Clinical presentation varies, depending on age of patient and site of tumor.7  22  

  • Prenatal/neonate – Congenital teratomas produce polyhydramnios and hydrocephalus; ultrasound will show a heterogeneous echogenic mass with cystic and solid components.
  •  Young infants -  The teratoma and choriocarcinoma subtypes of nongerminoma germ cell tumor are most common in this age group53 . These patients may present with irritability, listlessness, failure to thrive, macrocephaly, and bulging fontanelle.
  •  Beyond Infancy – Presentation depends on tumor location.

Pineal region tumors
 
Parinaud syndrome is the most common presentation, accounting for 34% of cases. It is due to compression on the tectum. The syndrome comprises paralysis of upward gaze, loss of light perception and accommodation, nystagmus, and failure of convergence.
  
Features of increased intracranial pressure may supervene. These include headache, nausea and vomiting, and papilledema. Somnolence, ataxia, seizures, and behavioral abnormalities may develop.
 
Precocious puberty may develop in a pre-pubertal child.
 
Diabetes insipidus and anterior hypopituitarism may occur.

Suprasellar region tumors
 
Patients with suprasellar GCTs usually present with endocrine deficits. These include the following:        

  • Anterior hypopituitarism and Diabetes insipidus
  • Thyroid and/or cortisol deficiency
  • Growth failure from growth hormone deficiency
  • Delayed puberty from gonadotrophin deficiency
  • Regression of sexual development or sexual dysfunction
  • Posterior pituitary dysfunction (vasopressin deficiency)
  • Precocious puberty may develop in a pre-pubertal child (due to tumor-induced hypothalamic injury or secretion of human chorionic gonadotrophin by the tumor).

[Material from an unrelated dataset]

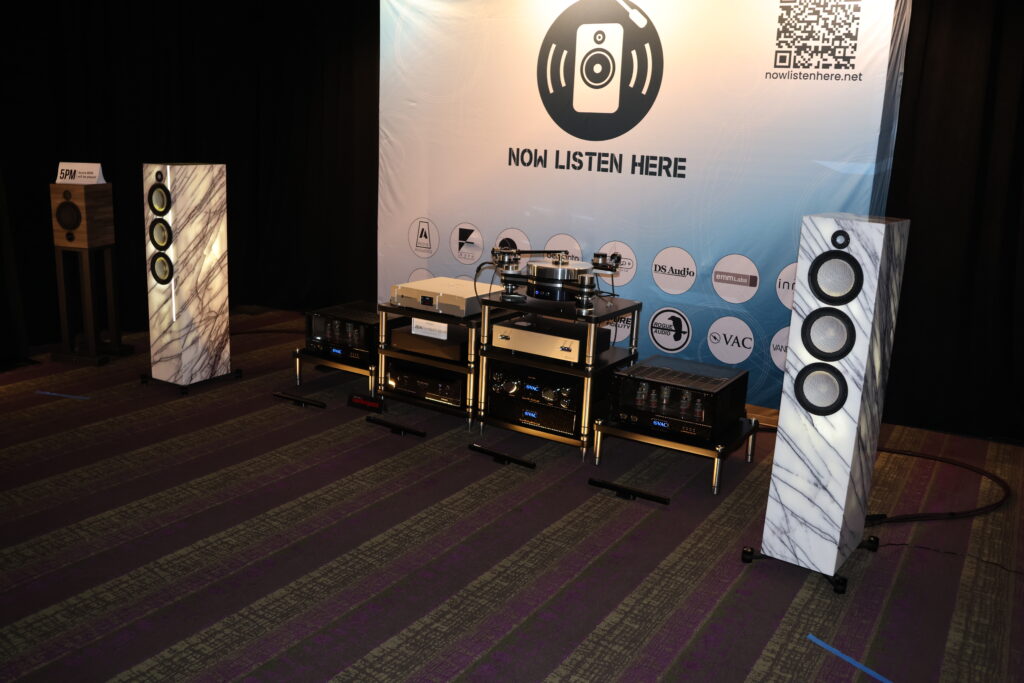 This was one of the standout rooms at CAF 2025 and a massive improvement in the sound from the previous year. New product debuts included the Acora speakers in an exotic marble finish and the Backert Labs Optik Phono 1.1 that among other properties is compatible with the new DS Audio optical cartridge line. The Acora MRC-3 speakers might just be the sweet spot in the product line. The sound here was relaxed and inviting, spacious with a serious case of imaging. One room that I could sit in and listen all day.

Visual disturbances may include diplopia, blurred vision, and diminished vision. Enuresis and psychiatric abnormalities may develop.7,5,23  In general, patients with  symptoms of increased intracranial pressure and visual changes tend to present earlier in the disease course than patients with endocrine dysfunction.

Physical

The clinical evaluation should include the following:

  • General physical examination
  • Check of growth parameters
  • Careful neurological evaluation, with assessment for neurocutaneous stigmata
  • Assessment of primary and secondary sexual characteristics
  • Ophthalmological exam. 

Causes

The exact cause of CNS GCTs is unknown. GCTs appear to arise from primordial germ cells that migrate to the germinal ridges in the developing embryo.5,22,11,12 This process appears to be under the control of complex molecular events. Aberration in any of these molecular pathways may potentially give rise to GCTs.  
 
Important factors in cell migration include the extracellular matrix, which affects cell adherence and migration. Other factors, such as chemotropic factors, may also be involved in cell migration. In vitro studies have shown that tumor growth factor beta 1 may initiate the migration of primordial germ cells.  
 
Some primordial germ cells that have left the yolk sac endoderm migrate aberrantly cranially towards the diencephalic midline structures rather than laterally to genital ridges.
 
Maturation of the fetal hypothalamus coincides with the migration of primordial germ cells. The fetal hypothalamus may secrete chemotrophic factors that attract primordial germ cells to the diencephalon.
 
Germ cells migrate into the mesenchyme of the mesentery and stimulate blood vessel formation and may reach intracranial locations via the circulation. 

Once the primordial germ cells have reached their intracranial location through abnormal pathways, congenital or acquired aberrant molecular events occur in the primordial germ cell itself or in the surrounding microenvironment, leading to the formation of CNS GCTs.
 
The surge of the neuroendocrine functions of reproduction in the diencephalon may also be a cause or contributing factor to the development of CNS GCTs, as demonstrated by the location of these tumors and their predominance in the pubertal age group.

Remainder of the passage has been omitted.